No. MOTS-c is a 16-residue mitochondrial-derived peptide encoded in mitochondrial DNA, while NAD+ is a small-molecule dinucleotide coenzyme. They are different classes of compound and are not chemical analogues of each other.
Why are MOTS-c and NAD+ compared in longevity research?
Both intersect mitochondrial and metabolic biology and both have been examined in ageing-related models.
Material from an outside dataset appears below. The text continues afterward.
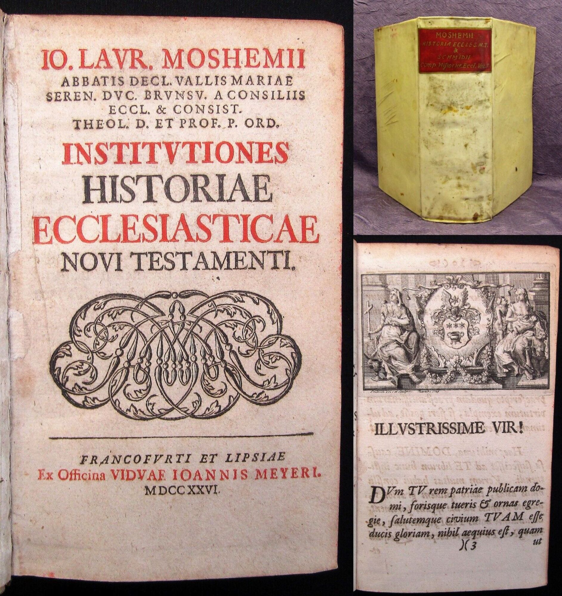 Mosheim, Johann Lorenz. Institutiones Historiae Ecclesiasticae, Novi Testamenti + Compendium Historiae Ecclesiasticae Veteris Testamenti - 2 Bde. in 1. Frankfurt, Jena; Helmstedt, Meyer; Melch, 1726; 1718. kl 8(17,5x11cm), 11 Bll., 718 S.; 3 Bll., 32 S., 224 S, 27 Bll. (Index), Pergamenteinband. Jöcher IV 294-297 - Johann Lorenz Mosheim, ab 1748 von Mosheim, war ein deutscher lutherischer Theologe und Kirchenhistoriker. - Einband berieben, bestoßen und angeschmutzt, hs. Rs., roter Rundumschnitt, Spiegel mit hs. Vermerken, Titel restauriert, Papier alersbedingt gebräunt uns fingerfleckig. Bestell-Nr: 3-0-159..........verkauft | ![]() | |

MOTS-c is studied around the AMPK metabolic-stress pathway, and NAD+ is studied around the sirtuin and PARP enzymes that depend on it, so they appear together as complementary reference points.
Which pathways is each one most associated with?
In the published literature MOTS-c is most associated with the folate–AICAR–AMPK axis and metabolic-homeostasis endpoints, while NAD+ is most associated with sirtuin deacylation, PARP-driven DNA repair, and cellular redox balance.
What purity and form does ERC supply for research?
Both are supplied as lyophilised powder at ≥98% HPLC purity, intended strictly for in-vitro laboratory research only.
Disclaimer: This information is compiled from published peer-reviewed literature and is provided for educational and research reference purposes only. It does not constitute medical advice. The compounds referenced here, sold by Enhanced Research Compounds, are intended exclusively for in-vitro research and laboratory use. They are not therapeutic goods, are not listed on the ARTG, and are not approved for human or animal consumption.